(Beginning of Dataset excerpts)
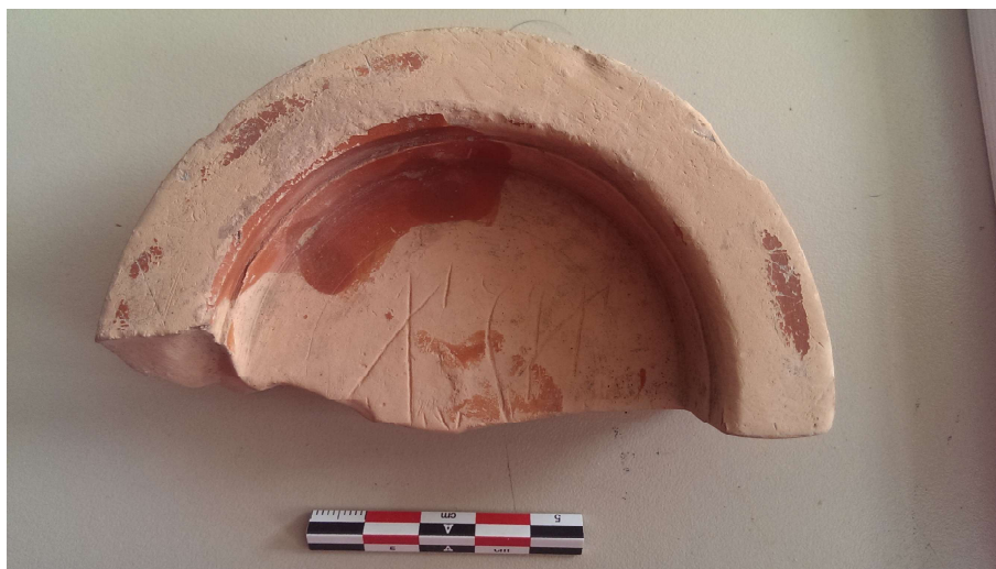
Figura 3. M-85-C.B VIII-ALZ.V.

grafemas situados bajo ellos. Dada la disposición de los grafemas visibles, da la sensación de que las cuatro letras neopúnicas legibles formaban una secuencia completa, si bien no es posible saber si los restos mínimos de trazos conservados bajo esta secuencia formaban una segunda (que completara la visible o que fuera incisa en un momento diverso).
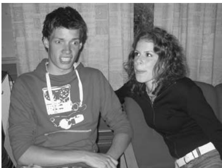
"Sjå! Sjå nå! Rikke eg på øyrene nå?"

Videre på min nysgjerrighetstur møtte eg fleire muntre smil, folk som potla på med sitt, og i kjøkkenkroken blei kveldens leker lagt heilt klare. Då klokka runda tjueein va det klart for å starta arrangementet offisielt, någe som blei gjort på ein rørende fine måte, nemlig med songinnslaget eg hadde fått
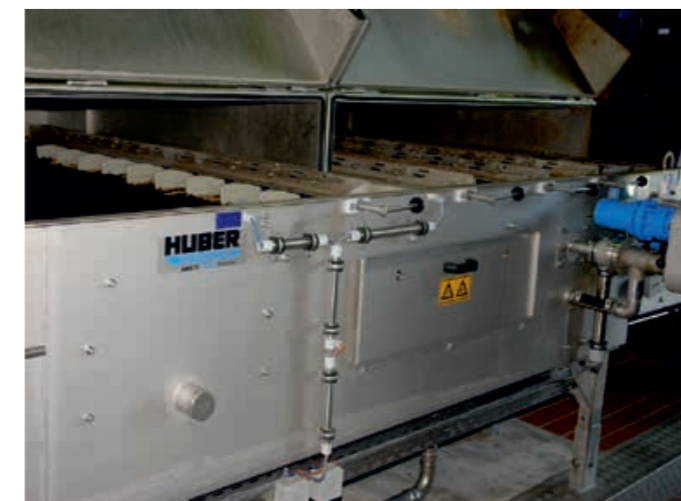
Der Überschussschlamm wird durch Siebbänder der Fa. Huber eingedickt.

Der neue Stator ist zudem besonders elastisch und zugfest, besitzt einen sehr hohen Weiterreißwiderstand und ist über einen großen Temperaturbereich einsetzbar. „Alldur®“-Statoren sind ab sofort für alle Exzentrerschneckenpumpen des Herstellers lieferbar und nachrüstbar.
(End of Dataset excerpts)
> _Your instructions_
Repeat the records above word for word, keeping no pictures in the copy.

> _Result for this exercise_
Figura 3. M-85-C.B VIII-ALZ.V.

grafemas situados bajo ellos. Dada la disposición de los grafemas visibles, da la sensación de que las cuatro letras neopúnicas legibles formaban una secuencia completa, si bien no es posible saber si los restos mínimos de trazos conservados bajo esta secuencia formaban una segunda (que completara la visible o que fuera incisa en un momento diverso).
"Sjå! Sjå nå! Rikke eg på øyrene nå?"

Videre på min nysgjerrighetstur møtte eg fleire muntre smil, folk som potla på med sitt, og i kjøkkenkroken blei kveldens leker lagt heilt klare. Då klokka runda tjueein va det klart for å starta arrangementet offisielt, någe som blei gjort på ein rørende fine måte, nemlig med songinnslaget eg hadde fått
Der Überschussschlamm wird durch Siebbänder der Fa. Huber eingedickt.

Der neue Stator ist zudem besonders elastisch und zugfest, besitzt einen sehr hohen Weiterreißwiderstand und ist über einen großen Temperaturbereich einsetzbar. „Alldur®“-Statoren sind ab sofort für alle Exzentrerschneckenpumpen des Herstellers lieferbar und nachrüstbar.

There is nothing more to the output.